On October 11, 1986, Cash took the Stormin’ Norman , a 33-foot cabin cruiser that was christened with his nickname, out on Lake Michigan. It was the last day of his life.
Now it would be poetic justice if a storm had sunk Stormin’ Norman while he was at the helm of the Stormin’ Norman , but that is not what happened. His journey from the waterfront town of Charlevoix on the Michigan mainland to Beaver Island in northern Lake Michigan was uneventful. He met his wife and a friend for dinner…and drinks, four of them, according to the patrons of the Shamrock Bar.
After dining and imbibing, he went down to the dock to check his boat. Now most sailors wear some sort of flat, rubber-soled footwear, usually sneakers or deck shoes, something to prevent the wearer from slipping on wet surfaces. But Norm Cash was not like most sailors. As the product of a West Texas upbringing, Cash was fond of cowboy boots. And that was his footwear on that fatal day.

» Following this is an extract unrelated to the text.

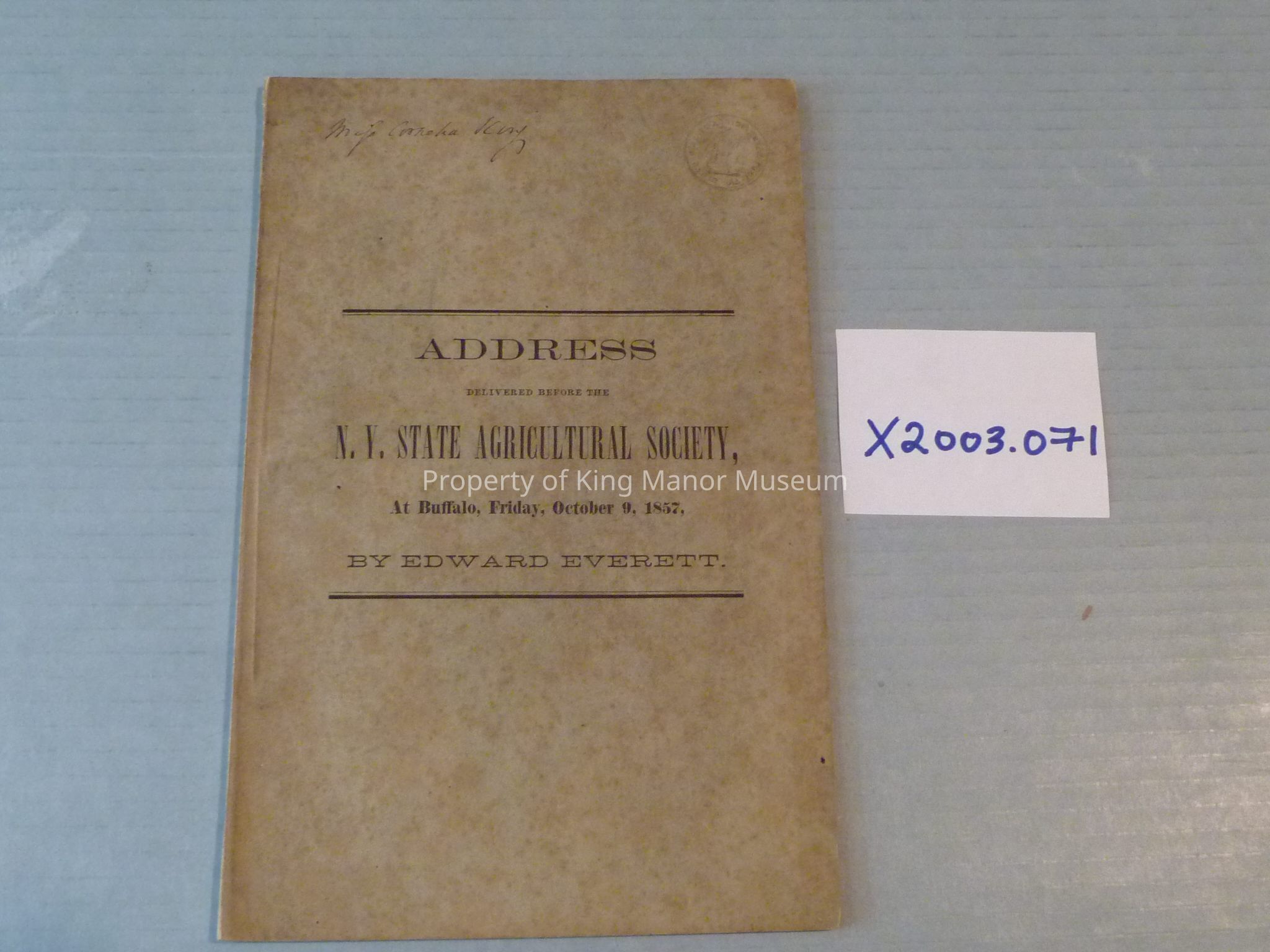 Small paperback of speech, 56 pages long. Inscription on cover says "Miss Cornelia King." Embossed stamp of N.Y. Agriculture Society on cover as well.Collection

There were no witnesses, but as near as anyone could tell, Cash slipped on the dock, hit his head, and fell into the water. His body was found in the bay the next morning. His footwear might have been partially responsible. A bigger factor was likely his 0.18 blood alcohol level.
Cash might have died in the chilly waters of Lake Michigan (please, no jokes about cold Cash), but he remained a true Texan to the end: He literally died with his boots on.
A pity we’ll never be able to question Cash on the barrelhead. We’ll never know if he was swinging a table leg, a piano leg, or an ostrich leg. And we’ll never know how he procured it, whatever it was, during the ninth inning of a no-hitter in progress at Tiger Stadium.